# 1960 Buck



## seeingred (Jul 24, 2005)

This was emailed to me today along with the following story.... not too shabby.

Hit by car in developed area around 1960 yesterday afternoon...pic taken
with cell phone. Zoom in and check out right g1 with 6 inch fishhook
tine coming off of it. Some workers were trying to load it in their
truck but were nervous about touching it. Ha! I would have put that
deer in the front seat with me.


----------



## BATWING (May 9, 2008)

Oh Sweet Jesus!


----------



## El Cazador (Mar 4, 2005)

I'd be nervous too...he looks like he's still alive!


----------



## SSMike (Aug 15, 2005)

Holy ****....


----------



## Redfishr (Jul 26, 2004)

OMG what a monster.......


----------



## quickstix (Dec 23, 2007)

O M G !!!!!


----------



## combscw (Jan 9, 2008)

*Nice*

Man that's ridiculous. All those miles I drive to hunt for deer no where close to that.


----------



## bohunk1 (Nov 12, 2006)

wow!!!!


----------



## dbarham (Aug 13, 2005)

yeah we painted a new apartment complex in that area and a nice 10 point wandered into one of the unfinished apartments with some workers inside. they pooped themselves the deer about killed them before leapin out the window. there was also a good droptine buck hit in the liverpool area dude loaded em up got him mounted and the warden came a knocking they took the deer and him!


----------



## catchysumfishy (Jul 19, 2008)

DAYUM......


----------



## Richlyn Concepts (May 12, 2006)

Super nice! I have seen some big ones in that area. My dentist is right down the road.


----------



## scwine (Sep 7, 2006)

*I quit.*


----------



## BigDawg123 (Dec 27, 2007)

1960 where? It's a pretty long road.


----------



## Richlyn Concepts (May 12, 2006)

BigDawg123 said:


> 1960 where? It's a pretty long road.


Looks like 1960 @ Northgate between the church and the country club.


----------



## D.L. (Sep 13, 2007)

I grew up right there and I never saw them that big!

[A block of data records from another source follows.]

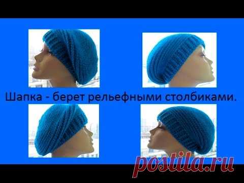 Шапка - берет рельефными столбиками.Cap - takes Crochet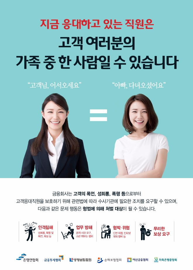 은행연합회를 포함한 6개 금융업권별 협회는 30일 고객응대직원의 인권 보호를 위해 '고객응대직원 보호 포스터'를 제작했다고 밝혔다.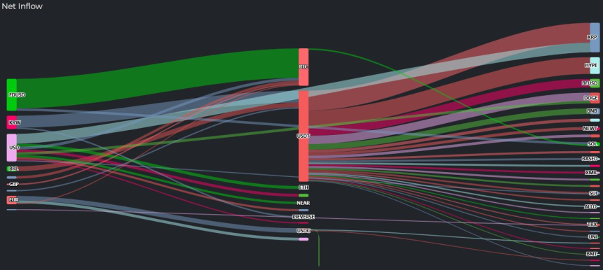 此外,市场变现活动频繁,通过美元实现的资产兑现规模达1013万美元,韩元渠道则有729万美元资金转出,反映部分投资者正在锁定利润或进行跨币种套利操作。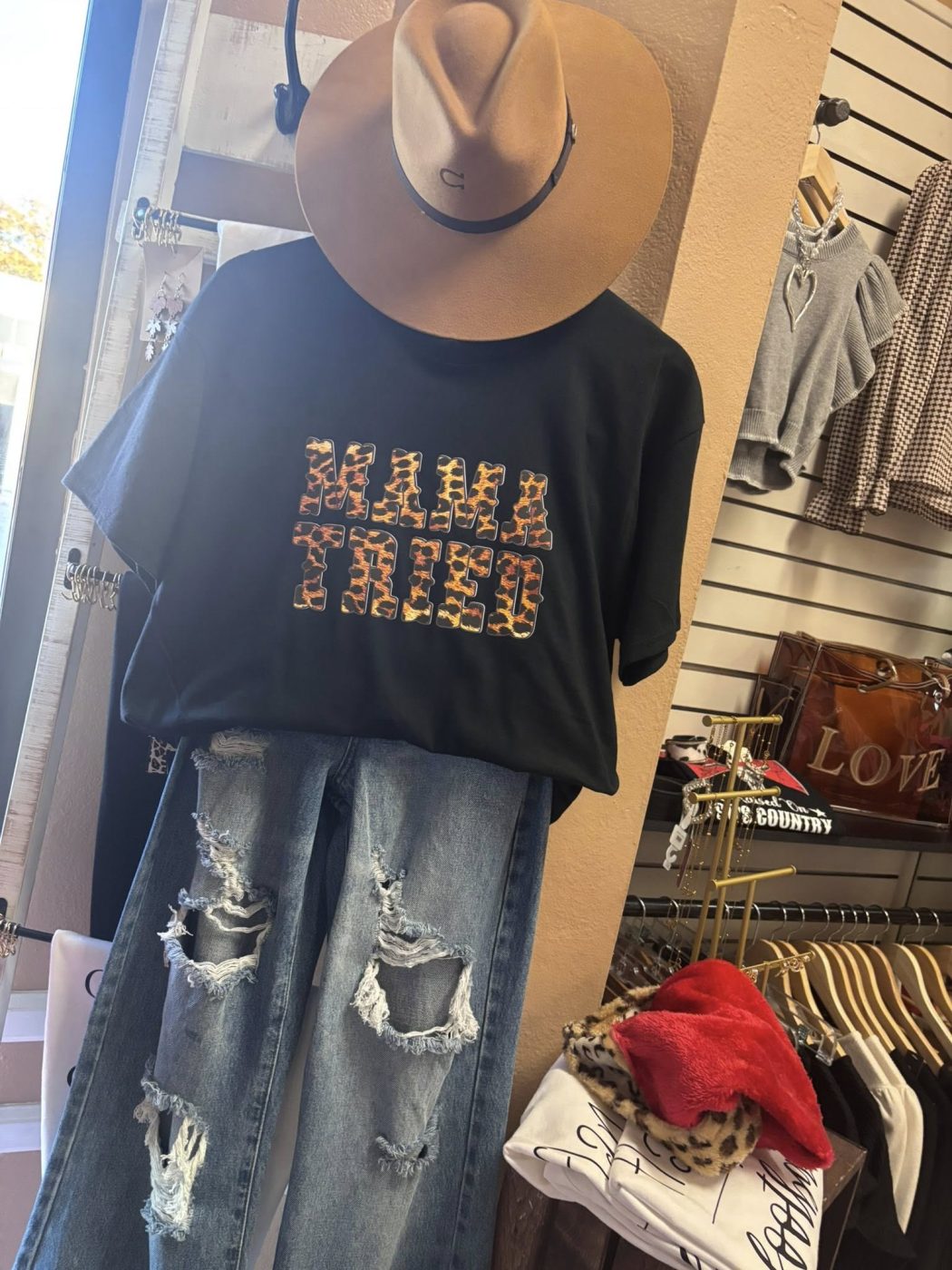 Bold, country, and a little rebellious—the Mama Tried Graphic Tee brings vintage western attitude with a modern edge. Featuring a standout graphic on a classic black tee, this piece is soft, comfortable, and made for everyday wear. Perfect with denim, boots, or layered for effortless cowgirl style.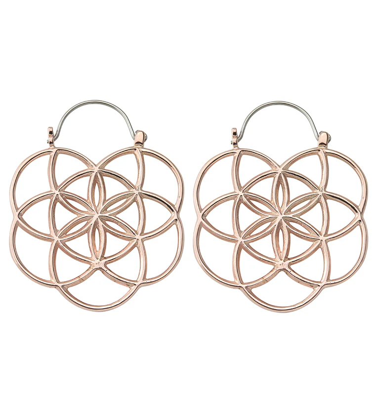 Rose Gold PVD Seed of Life Plug Hoops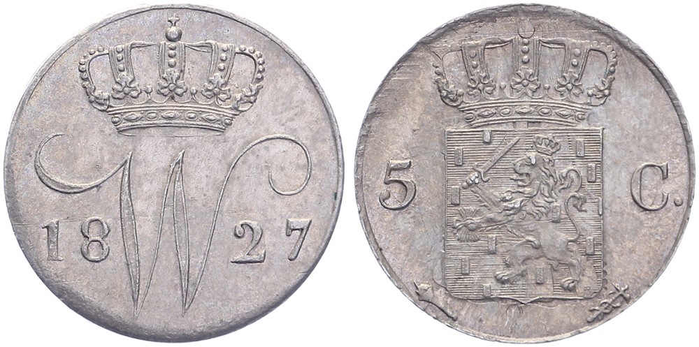 5 Cents 1827 Utrecht mmt. fakkel Sch. 317 Prachtig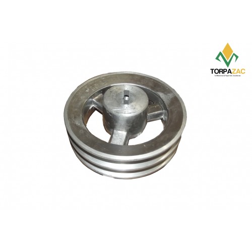 Polea doble.- Polea para 2 bandas (Dos tipo B) de 5 pulgadas, con diametro interior de 15/16 de pulgada. Esta polea va en el reductor de velocidad (transmisión).

It does kinda look like discount tire in the background.


Richlyn Concepts said:


> Looks like 1960 @ Northgate between the church and the country club.


----------



## Cactus (Jan 16, 2006)

i dont think so


----------



## Profish00 (May 21, 2004)

Huh


----------



## Jfreeman (Nov 3, 2004)

It's true a buddy of mine lives in the area, his taxidermist knows the guy who picked it up.


----------



## 10RBetter (Jan 4, 2008)

Go figure!!


----------



## surf-n-turf (Mar 19, 2005)

That's a good one. Luv them dark horns


----------



## Richlyn Concepts (May 12, 2006)

Got this off of another site:

"I drove by Northgate on the way to work to verify the pic. Yep, that pic is directly across from Discount Tire at Northgate. What a buck!!"

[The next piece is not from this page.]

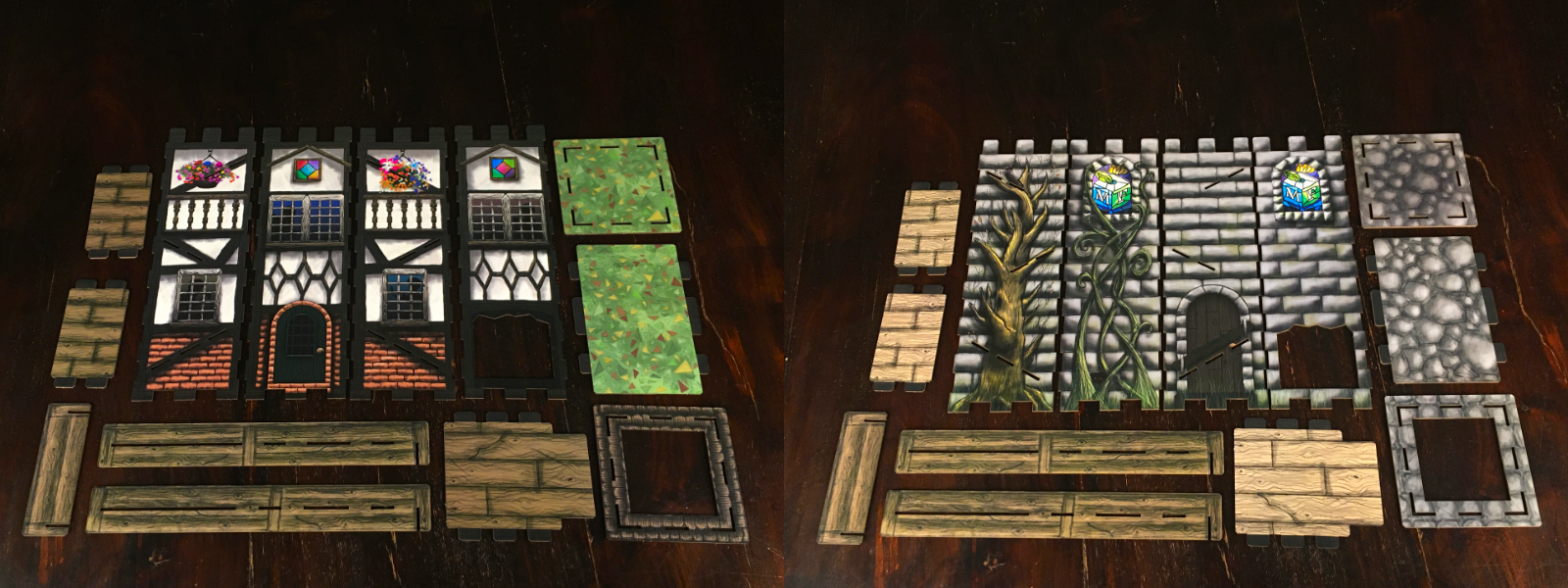 This dice tower features 2 different designs in one — castle tower and a tudor house. Disassemble to pack it away, and rebuild any time and choose a different design each time.
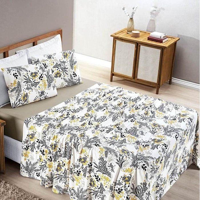 Jogo de Lençol Casal Padrão Quality Malha 100% Algodão Estampado 4 Peças - Blossom Bia Enxovais

http://discussions.texasbowhunter.com/forums/showthread.php?t=60617


----------



## FISHNNUTT (Oct 27, 2007)

Nice buck !!
Used to work out in that area for the Sheriffs Dept. Worked night shift
saw quite a few big bucks out there in the late 1970s. Biggest buck I've
ever saw was in Rosewood Cemetery off Old Humble rd. watched him for several
years.Only time I saw him was in the cemetery during deer season !!


----------



## Fishdaze (Nov 16, 2004)

Richlyn Concepts said:


> Got this off of another site:
> 
> "I drove by Northgate on the way to work to verify the pic. Yep, that pic is directly across from Discount Tire at Northgate. What a buck!!"
> 
> http://discussions.texasbowhunter.com/forums/showthread.php?t=60617


Has anyone put up a tripod there yet???????:tongue:


----------



## O6DODGE (Oct 23, 2008)

Dang I wish that SOB would walk through my backyard.


----------



## drathe3112 (May 30, 2008)

Biggest buck I have ever seen on the hoof was on Kuykendahl just south of 1960 in the Bammel gas fields. Those little thickets have lots of deer in them.


----------



## Viking48 (Jan 24, 2006)

I lived in Olde Oaks a few years back and used to see deer but never saw one like that. WOW. I should have put a feeder in my back yard.


----------



## grandpa cracker (Apr 7, 2006)

Gotta love the reply by Scwine. 2Funny.


----------



## txsnyper (Feb 8, 2007)

*Holy Snot Knockers BatMan thats a nice buck.*

To heck with driving to Uvalde to hunt deer. 
1960 isn't my why to work ,BUT I think I should try to make 1960 my route some how in the morning.


----------



## stxwaterfowler (Apr 30, 2006)

I want to see the car that hit that MONSTER its probably sitting in a junkyard somewhere. One expensive bullet !!! lOL


----------



## ReelEasy (Jan 23, 2006)

Where at on 1960? It does looks alive although he has his eyes open.


----------



## Captn C (May 21, 2004)

I pulled a big 20" spread 8 point out of the road this morning near highway 6 and Clay Road.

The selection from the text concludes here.